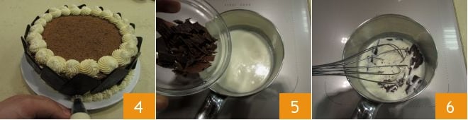 Still using the zabaglione cream, make decorative puffs along the base 4, then focus on the ganache: bring the fresh cream to a boil in a saucepan, then add the chopped dark chocolate 5. Turn off the heat and mix with the whisks 6 until the chocolate is completely melted.
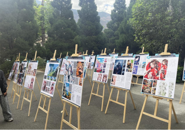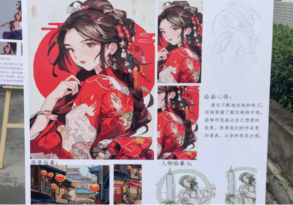 大家用自己的數位板、筆和線條與栩栩如生的色彩相結合完美刻畫出了自己作品獨特的視角精湛的技藝和深刻的內涵。充分展現了數字媒體藝術設計的魅力與創意。展覽現場吸引了眾多師生和校外嘉賓的駐足觀賞,大家紛紛為這些充滿創意的作品點贊。在展覽現場,一幅幅精美的設計作品映入眼簾,讓人目不暇接。這些作品既有傳統藝術元素的融合,也有現代科技手段的巧妙運用,充分展示了數字媒體藝術設計的多樣性和創新性。
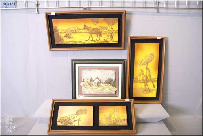 Three framed art works depicting farm scenes and a painted clay "A Peaceful Day on the Farm" signed by artist M. Fetherston
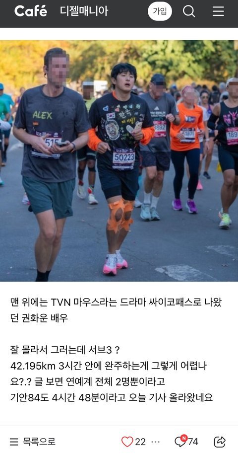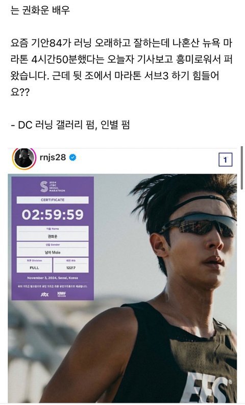 러닝 시작 6개월 만에 첫 풀 마라톤 JTBC 마라톤 맨 뒷 조에서 서브3 한 배우 권화운
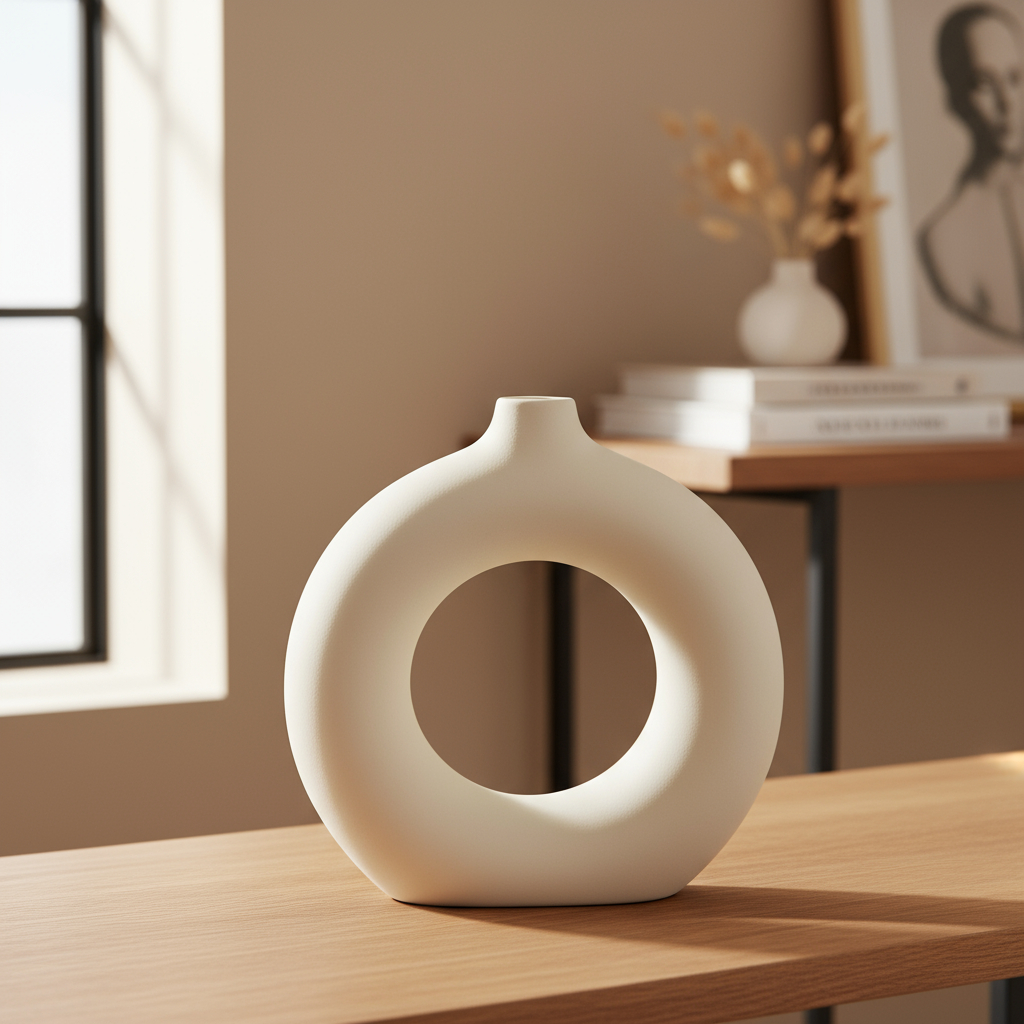 Transformá tu hogar con este florero circular de cerámica y sumá un detalle moderno que nunca pasa desapercibido.
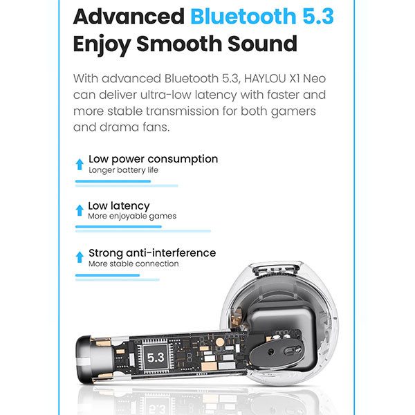 هندزفری هایلو X1 Neo دارای بلوتوث نسخه 5.3 است. با استفاده از این هندزفری می توان تا فاصله ده متری (بدون هیچ مانعی) بدون افت کیفیت به موسیقی گوش داد. از دیگر قابلیتهای بلوتوث نسخه 5.3 اتصال پایدارتر است.
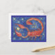 Scorpio, le scorpion, est entouré d'étoiles brillantes. Eau, 24 octobre - 22 novembre (il peut y avoir une variation dans les dates). Carte postale avec un design personnalisable orange, rouge, bleu et jaune pour vous permettre de personnaliser avec votre propre texte, images et idées. Un crayon de couleur originale et un dessin à l'encre métallique de Jess Perry.
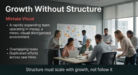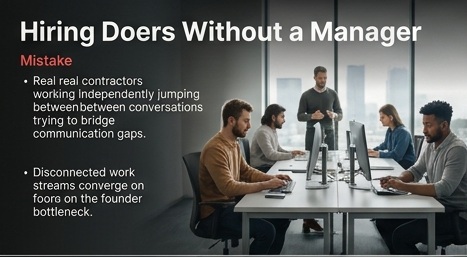 Four people doing work. Zero people managing how the work connects. Every new hire increases the founder's coordination workload. What I do instead: I make sure a management layer is in place before adding execution capacity.
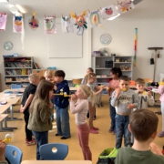 Die Schülerinnen und Schüler der Klasse 1b mit ihrer Klassenlehrerin Frau Fuths nehmen seit dem zweiten Halbjahr des Schuljahres 2025/26 an dem Projekt „Klasse 2000“ teil.
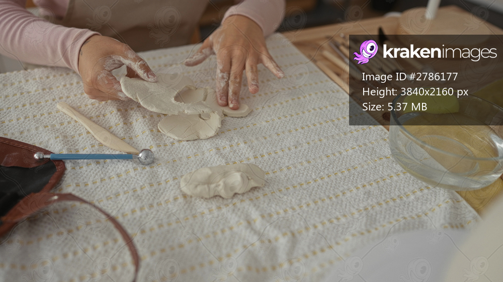 Woman hands shaping clay into heart forms on a wooden table with water bowl and clay tools in pottery studio; creativity focus.
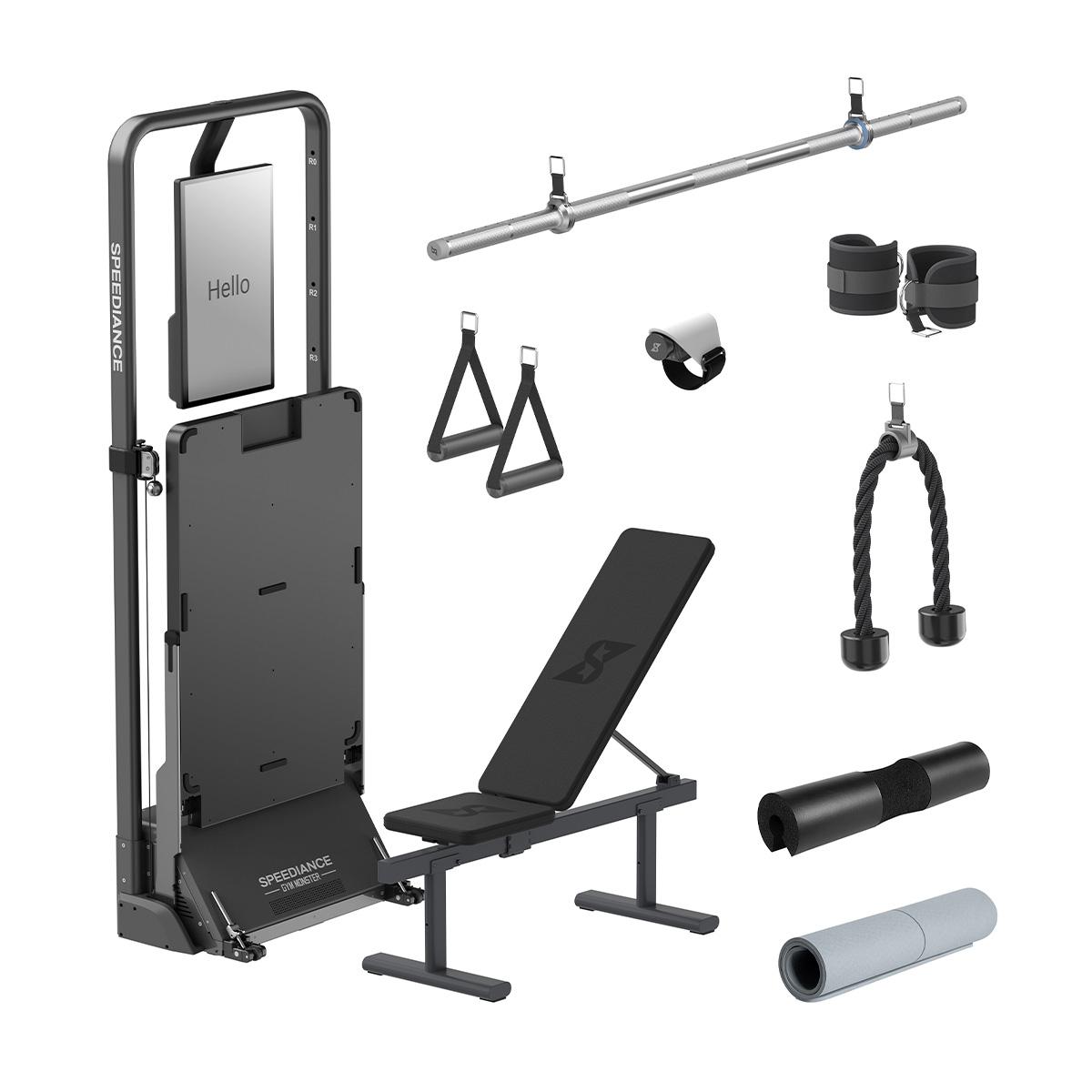 第二代Speediance智能健身室2.0 PRO帶來全新配件、全新體驗,令你訓練更加得心應手!透過接駁「藍牙指環」便能輕鬆開始/暫停訓練、以及調整重量。「可調節槓鈴桿」首創24孔「握距」調節,長度加至1.2米,無論任何姿勢、不同肩寬都可以自由訓練無障礙。亦可根據自己握桿習慣,自行調節鎖扣位置,確保兩端對稱。全新「可折疊健身椅」不但方便收納,而且可以調較不同角度,最大可以調較至90度,不論進行臥推或肩推都可輕易轉換。
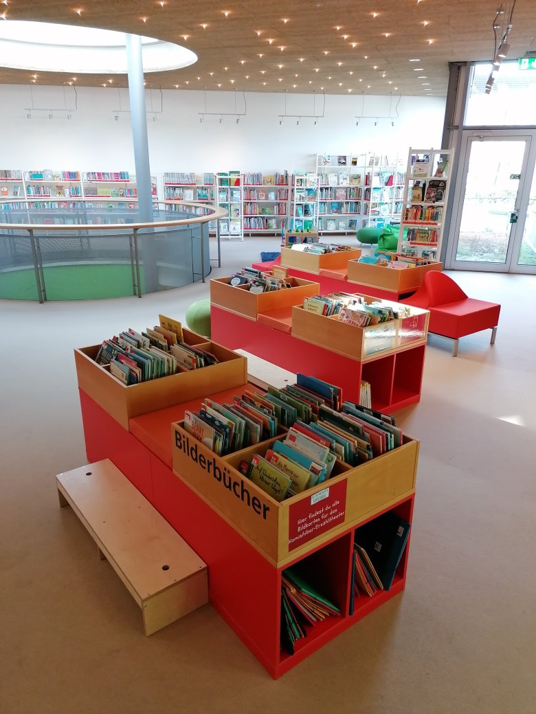 Blick in die Kinderbibliothek mit Bilderbuchbereich
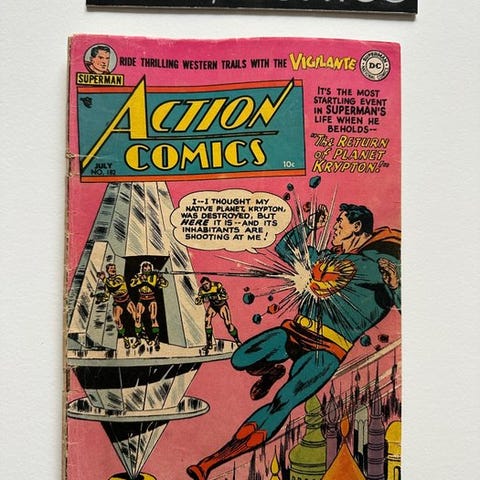 DC Comics Presents, Første udgave, nummer 47 Newsstand Edition: From Eternia — with Death!, første optræden af He-Man og Skeletor i tegneserier; Curt Swan (indre) med Mike DeCarlo, Ross Andru på forsiden; hæftet binding; år 1982; sprog Engelsk; karakter 9,8; tilstand næsten perfekt. Klik på den blå "gå til varen" knap, for at købe eller byde på denne vare. Den samlede pris vil blive vist inden du afgiver dit bud.
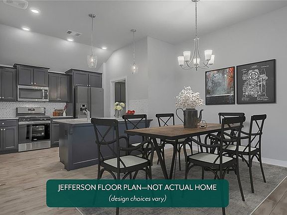 Save up to $500/mo with new LOWER INTEREST RATES for a limited time only! This 4 bedroom home features a split floorplan and large central living area with luxury vinyl plank flooring and a fireplace. The kitchen includes quartz countertops and a gas range. You will love the secondary bath that is compartmentalized with a shower and toilet in one section, and split vanities in the other to maximize privacy and efficiency. Additional garage storage space, as well as a covered back patio are also included. Residents of the Greenleaf Trails enjoy parks and playgrounds, one mile of the 13-mile Legacy Trails, a splashpad, ponds, and sports fields. Included features: * Two-year home warranty * 10-year structural warranty * Guaranteed heating and cooling costs * Floorplan may differ slightly from completed home.

.....

For the material above, give again only the lines starting at the line that contains "Blick in die" and ending at the line that contains "DC Comics Presents, Første". Pictures do not belong in the copy.

 Blick in die Kinderbibliothek mit Bilderbuchbereich
 DC Comics Presents, Første udgave, nummer 47 Newsstand Edition: From Eternia — with Death!, første optræden af He-Man og Skeletor i tegneserier; Curt Swan (indre) med Mike DeCarlo, Ross Andru på forsiden; hæftet binding; år 1982; sprog Engelsk; karakter 9,8; tilstand næsten perfekt. Klik på den blå "gå til varen" knap, for at købe eller byde på denne vare. Den samlede pris vil blive vist inden du afgiver dit bud.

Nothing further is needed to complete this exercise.